This adaptation joins a growing line of game-to-screen projects. Think of Netflix’s success with The Witcher (game/novel hybrid), or the mixed reception of Assassin’s Creed on film; Kingmakers could benefit from lessons learned in both. It also evokes cinematic cousins like Timeline and Outlander — stories that marry historical settings to time-travel ethics — while promising a grittier, more tactical edge.
Fans of the original game have responded with cautious excitement and lively debate in community forums. Some praise the premise for its originality; others worry the film will lose the game’s strategic depth. Industry watchers will be paying attention to casting choices and the production’s visual approach: will it lean into brutal realism or high-concept sci-fi spectacle?

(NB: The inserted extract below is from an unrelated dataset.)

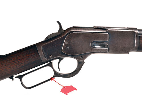 for 1897, with round 20 1/4in. barrel signed 'WINCHESTER'S REPEATING ARMS NEW HAVEN CT. KINGS IMPROVEMENT PATENTED MARCH 29 1866 OCTOBER 16 1860', block and blade fore-sight, elevating ladder 'carbine' rear-sight, plain receiver with sliding dust-cover and side-mounted saddle-ring, top-tang marked 'MODEL 1873', walnut straight-hand butt-stock with iron 'carbine' heel-plate fitted with sliding central trap-door, brass cartridge-lifter with calibre designation, plain walnut fore-end with single iron barrel-band under-barrel full-length magazine the whole with strong traces of finish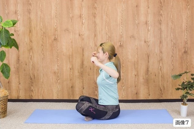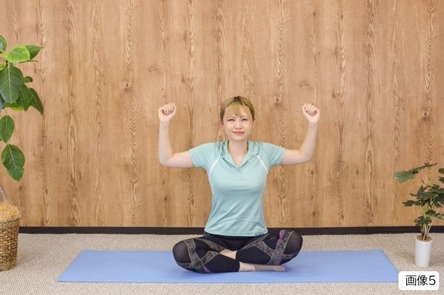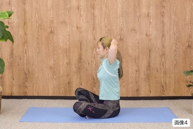 ②脇の部分の角度が直角になるように腕を上げ、肘も直角に曲げます。(画像5参照)

Beyond entertainment, Kingmakers taps into a cultural appetite for reexamining history through speculative lenses — a trend visible in series and films that remix past and future to ask contemporary questions about power and technology.
Production timeline and release details are still under wraps. For now, Netflix’s move signals continued investment in cinematic game adaptations and ambitious, genre-blending stories.
In short: Kingmakers could become one of Netflix’s more intriguing experiments in turning interactive strategy into cinematic drama — if the screenplay balances spectacle with the ethical complexity at the heart of the game.